Unfortunately many questions still surround the illicit antiquities trade’s mechanics and scale. Official data are scarce as cultural property thefts often go unreported, and national crime statistics are usually recorded according to theft circumstances, not type of object stolen. Moreover, the antiquities market is largely fed by the clandestine looting of archaeological sites, both known and yet undiscovered. This means that, when estimating the size and nature of the illicit trade, the only true assessment is: we don’t know.

If we wait to answer such questions before taking action, however, there will not be a past left to protect. Research paints a grim picture of the scope and frequency of looting around the world. A 2008 survey asked archaeologists to share their personal experiences. Of the nearly 2,500 participants, working in over 100 countries, 79 percent responded they had had personal experiences with looting while in the field.
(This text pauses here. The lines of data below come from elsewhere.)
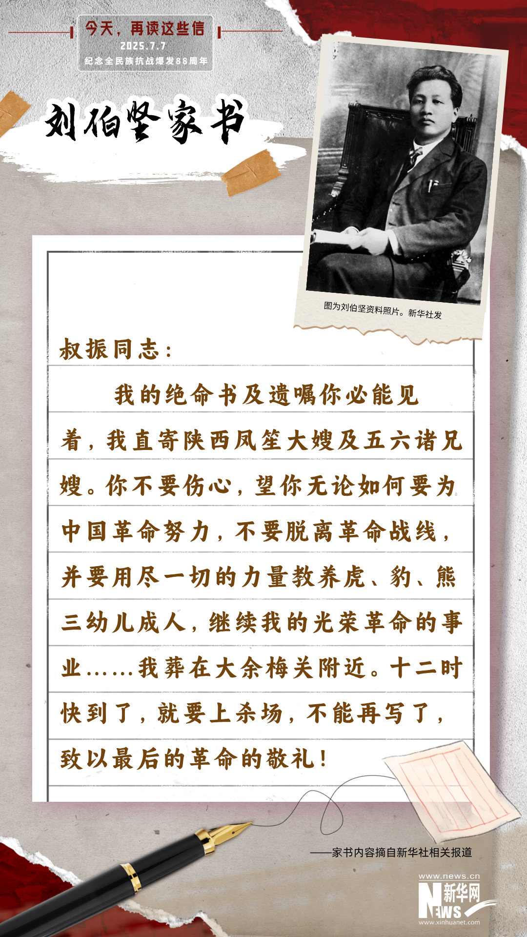 1935年3月21日,刘伯坚牺牲在江西省大余县金莲山刑场,时年40岁。这是刘伯坚英勇就义前写给妻子的最后一封家书。可惜的是,他挚爱的妻子王叔振已牺牲于闽西游击区,没能看到这封家书。
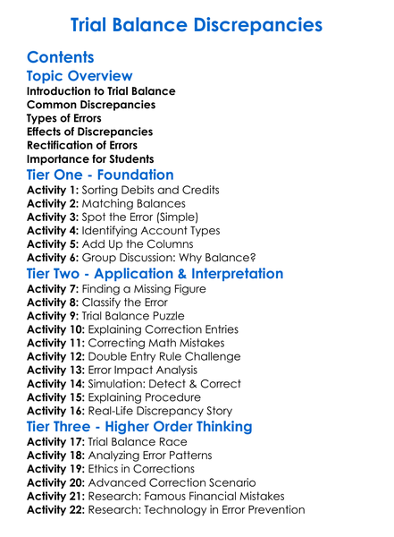 Trial Balance Discrepancies Worksheet Activity Booklet
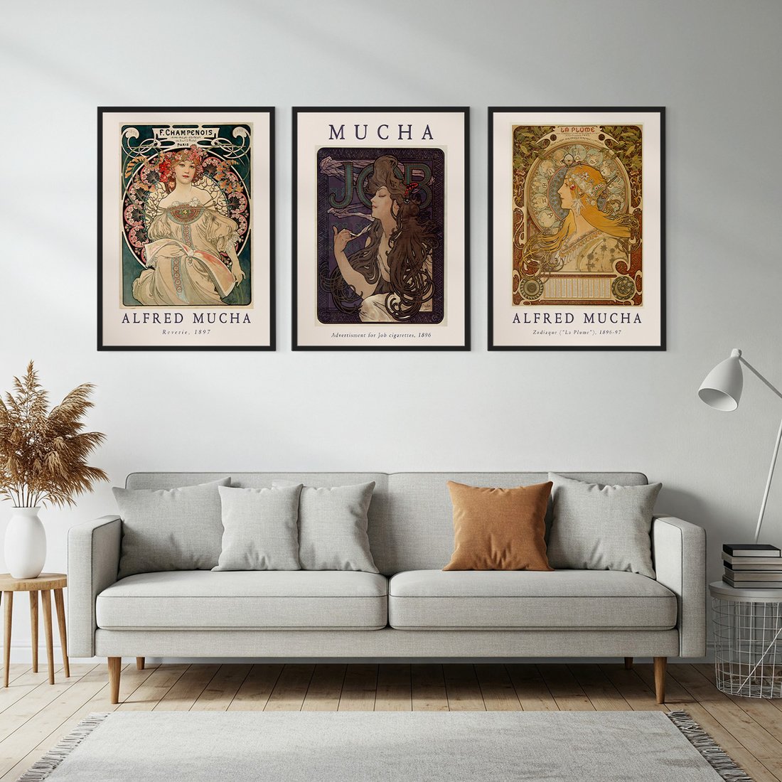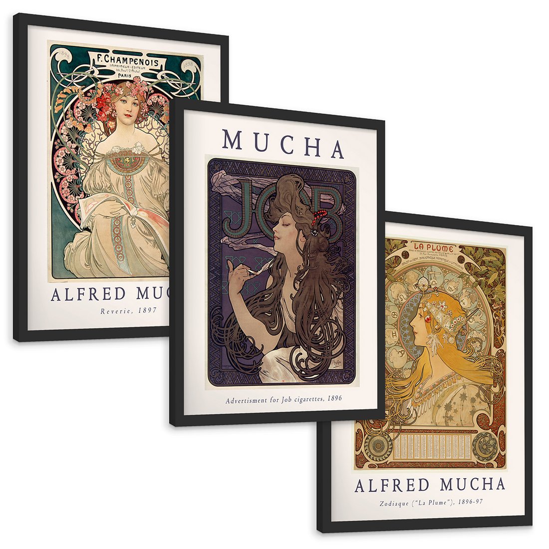 Zestaw obrazy w ramie, plakaty - Mucha, secesja, artystyczne - rama czarna
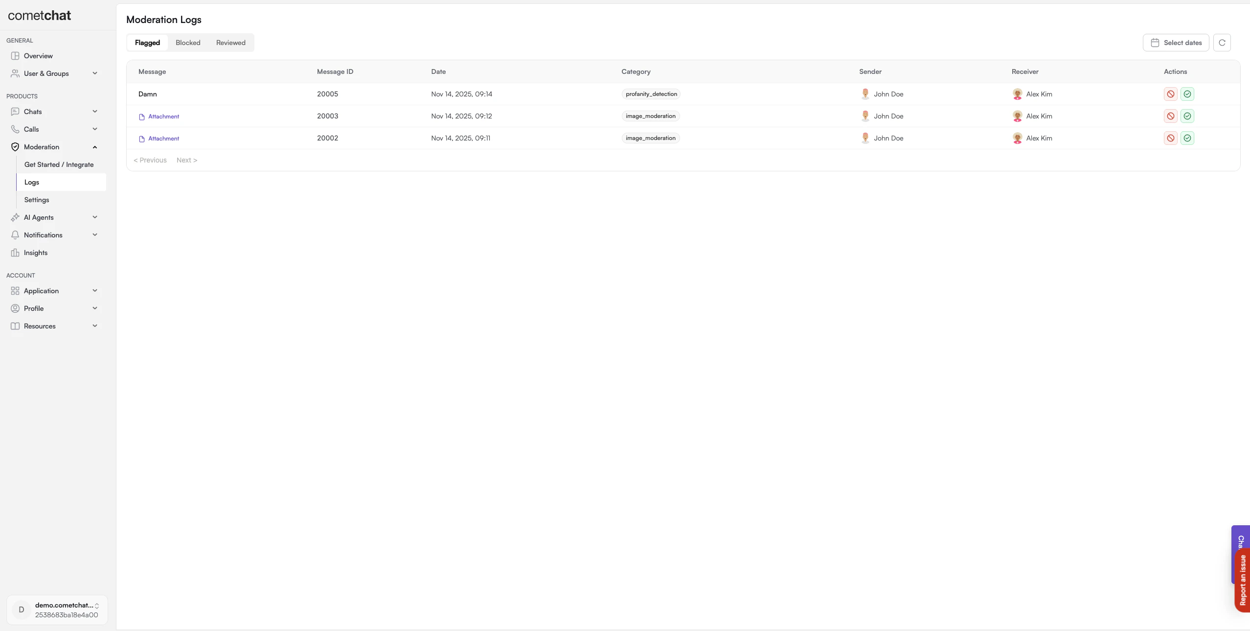 Login to CometChat Dashboard → Select your app → Moderation → Flagged Messages
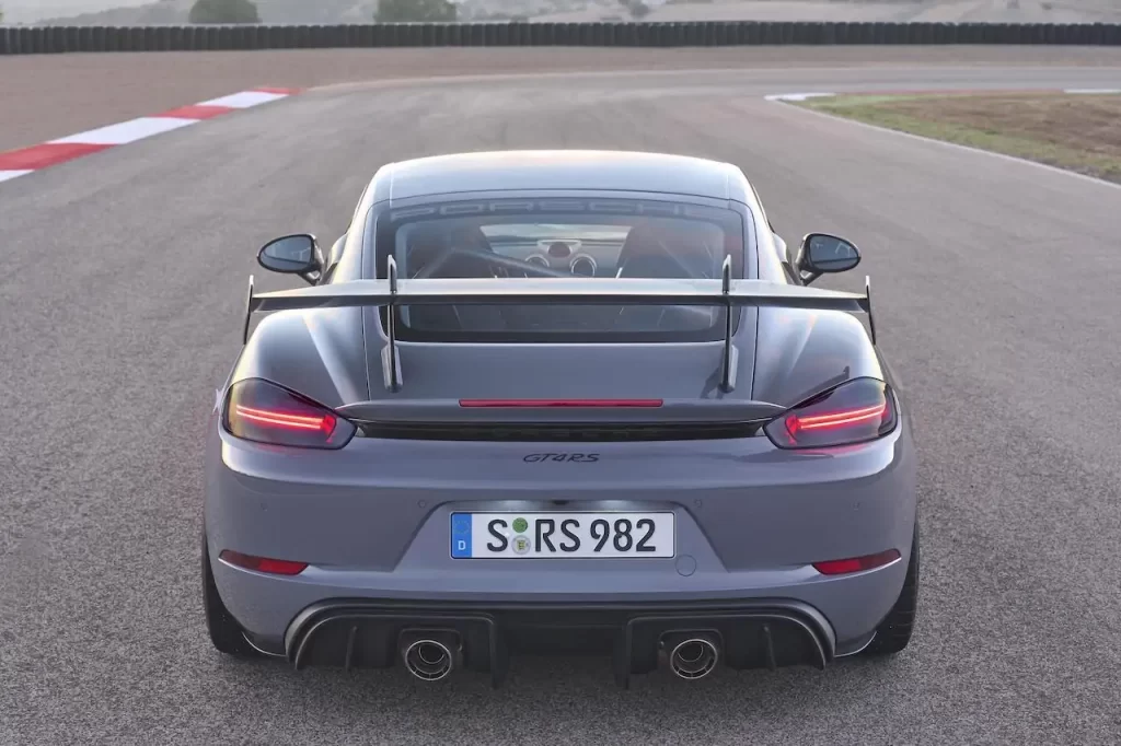 Porsche 718 Cayman GT4 RS bergerak dari 0-100km/j dalam hanya 3.4 saat dan mempunyai kelajuan tertinggi 315km/j apabila dilengkapi dengan PDK 7-kelajuan. Gear boleh ditukar secara manual menggunakan paddle shifters atau tuil pemilih gear tengah. Porsche telah meletakkan saluran masuk udara betul-betul di belakang tingkap pemandu dan penumpang, yang menghasilkan bunyi intake unik betul-betul di sebelah telinga penumpang. Intake juga terdapat di hadapan roda belakang untuk menyejukkan enjin. Lebih-lebih lagi, mod Prestasi, yang dikhaskan untuk digunakan di trek perlumbaan menjana 25% lebih downforce berbanding 718 Cayman RS.

What’s more, a quarter reported encountering on-site looting in progress, and nearly half that those experiences were not isolated. The data clearly indicate that looting — which again feeds antiquities trafficking — is globally pervasive, commonplace, and iterative.
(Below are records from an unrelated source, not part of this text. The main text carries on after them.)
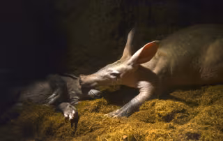 También conocido como cerdo hormiguero es un animal extraño y peculiar y muy desconocido aún por el público en general. Es la única especie del Orden de los Tubulidentados y se trata de un insectívoro de mediano tamaño que parece estar hecho a base de partes de otras especies, pues tiene orejas de burro, el cuerpo de un cerdo, la cola de canguro y unas grandes y fortísimas garras.
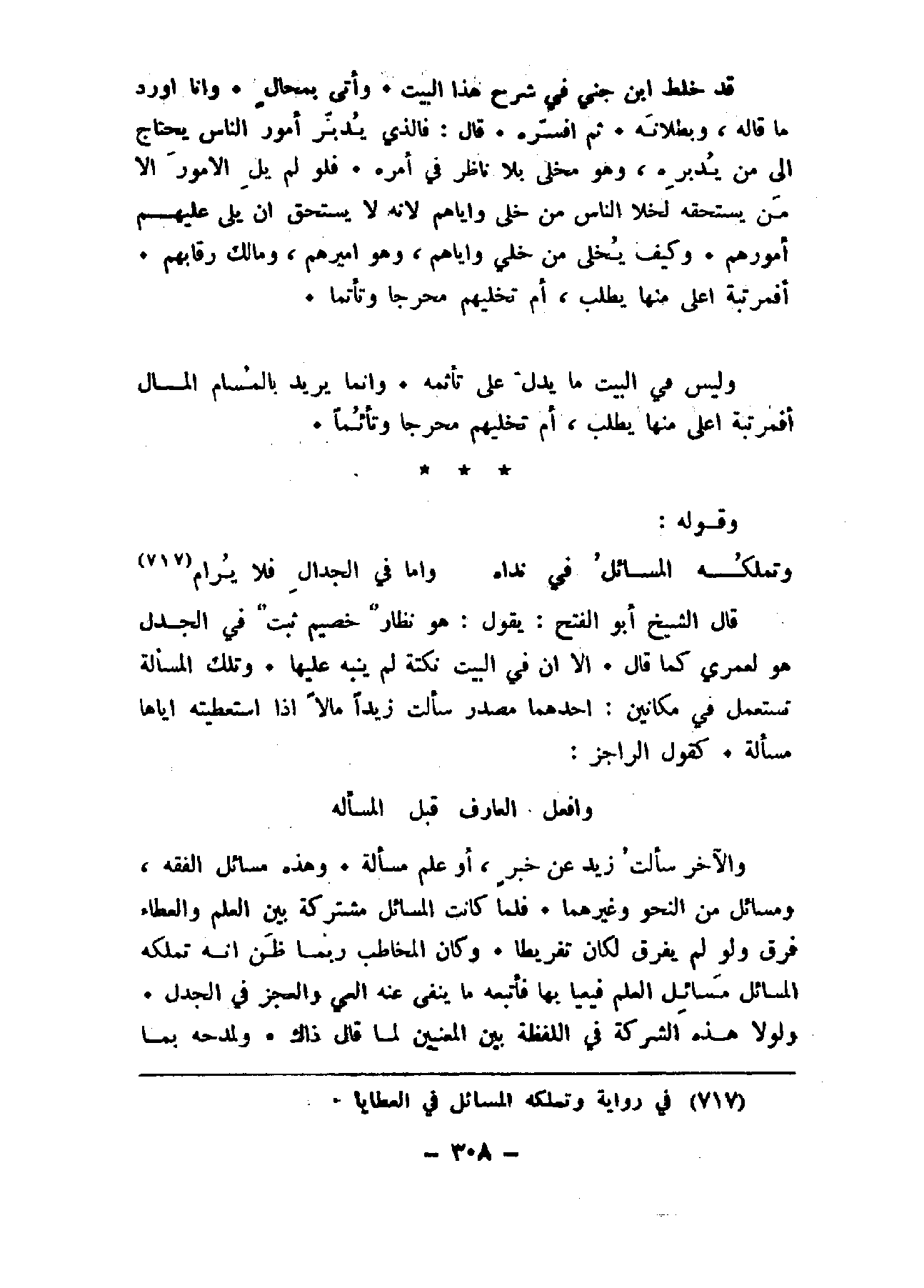 والآخر سألت زيد عن خبرٍ، أو علم مسألة. وهذه مسائل الفقه، ومسائل من النحو وغيرهما. فلما كانت المسائل مشتركة بين العلم والعطاء فرق ولو لم يفرق لكان تفريطاً. وكان المخاطب ربما ظن إنه تملكه المسائل مسائل العلم فيعيا بها فاتبعه ما ينفى عنه العي والعجز في الجدل. ولا هذه الشركة في اللفظة بين المعنيين لما قال ذاك. ولمدحه بما
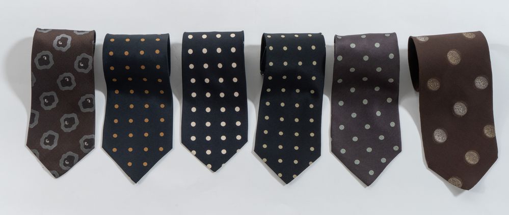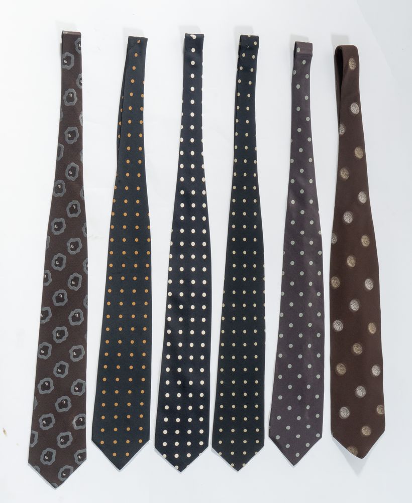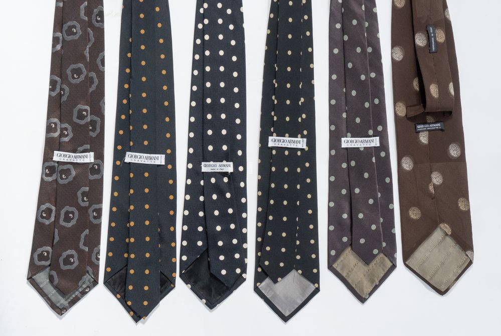 GIORGIO ARMANI Lotto composto da sei cravatte in seta a fantasia pois. Lunghezza cm 142-150. Composizione: 100% seta di cui una 90% seta e 10% poliestere. Recano etichette Giorgio Armani Made in Italy; Giorgio Armani; Giorgio Armani a Milano Borgonuovo 21; Giorgio Armani Cravatte, Made In Italy.

Yet all this knowledge has not prompted change. The “source” countries home to sought after antiquities — the Egypts, Cambodias, and Perus — lack the means to stop the trade. The “demand” countries like the U.S. lack the will. The great work being done by Homeland Security Investigations, which Egypt just announced will return eight recovered artifacts to Cairo next month, is sadly the exception not the rule.
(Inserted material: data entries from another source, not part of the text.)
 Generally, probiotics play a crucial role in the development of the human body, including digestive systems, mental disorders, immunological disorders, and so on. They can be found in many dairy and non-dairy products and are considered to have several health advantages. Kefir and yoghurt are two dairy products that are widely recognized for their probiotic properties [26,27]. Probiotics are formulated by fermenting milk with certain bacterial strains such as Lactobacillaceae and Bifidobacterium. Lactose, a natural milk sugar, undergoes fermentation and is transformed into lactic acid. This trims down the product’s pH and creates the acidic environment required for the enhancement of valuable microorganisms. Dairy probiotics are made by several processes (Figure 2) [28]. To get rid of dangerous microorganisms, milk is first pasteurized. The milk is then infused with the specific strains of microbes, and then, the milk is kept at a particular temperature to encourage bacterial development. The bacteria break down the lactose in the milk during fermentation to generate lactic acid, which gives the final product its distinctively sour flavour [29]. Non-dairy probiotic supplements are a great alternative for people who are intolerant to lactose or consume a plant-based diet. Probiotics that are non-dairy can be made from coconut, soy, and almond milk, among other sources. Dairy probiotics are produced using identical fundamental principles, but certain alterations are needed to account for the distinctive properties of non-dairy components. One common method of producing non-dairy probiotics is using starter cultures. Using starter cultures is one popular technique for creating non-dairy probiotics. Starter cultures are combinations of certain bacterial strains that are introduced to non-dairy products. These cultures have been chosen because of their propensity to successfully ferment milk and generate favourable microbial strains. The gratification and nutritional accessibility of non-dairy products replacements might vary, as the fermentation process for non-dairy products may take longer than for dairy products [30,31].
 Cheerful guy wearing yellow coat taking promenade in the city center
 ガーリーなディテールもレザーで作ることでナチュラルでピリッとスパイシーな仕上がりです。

There is clearly more that needs to be done. This month at the Egyptian Embassy in Washington, during a roundtable organized by the nonprofit Antiquities Coalition, the Minister of Antiquities Mohamed Ibrahim urged academia, governments, and the media to give this issue its due. He is right: we need more — and better — research, policy, and coverage, that recognizes antiquities trafficking is not just a matter of preservation, but one of economics and even security.

In the meantime, it seems more tax dollars go to funding this transnational crime than fighting it. For example, the National Gallery of Australia spent $5 million on a single looted Indian artifact, purchased from the infamous smuggler Subhash Kapoor in 2008. If the museum had donated that money to the Antiquities Coalition for advocacy, SCCJR for research, or Egypt’s government for site protection — how much good could have been accomplished?

So what is the solution? We could elaborate on law and policy, but the best answer is the simplest. To borrow a phrase from WildAid’s landmark anti-ivory campaign, “when the buying stops,” the looting will too. Those who purchase antiquities must ensure these objects are not products of theft, civil unrest, or outright war. If one can afford a masterpiece, one can afford this due diligence. And for the rest of us? We must at least demand such responsibility from our publically funded institutions like museums.

If we don’t, Egypt’s great past may go from one of the world’s wonders, to one of its great cultural tragedies.

Tess Davis is an attorney and affiliate researcher in the Scottish Centre for Crime and Justice Research at the University of Glasgow. She previously served as the executive director of the Lawyers’ Committee for Cultural Heritage Preservation and is working with Cambodia to combat the illicit trade in the kingdom’s antiquities.

Blythe A. Bowman is an assistant professor of Criminal Justice in the L. Douglas Wilder School of Government & Public Affairs at Virginia Commonwealth University. She has researched and written extensively on archaeological site looting and the illicit antiquities trade.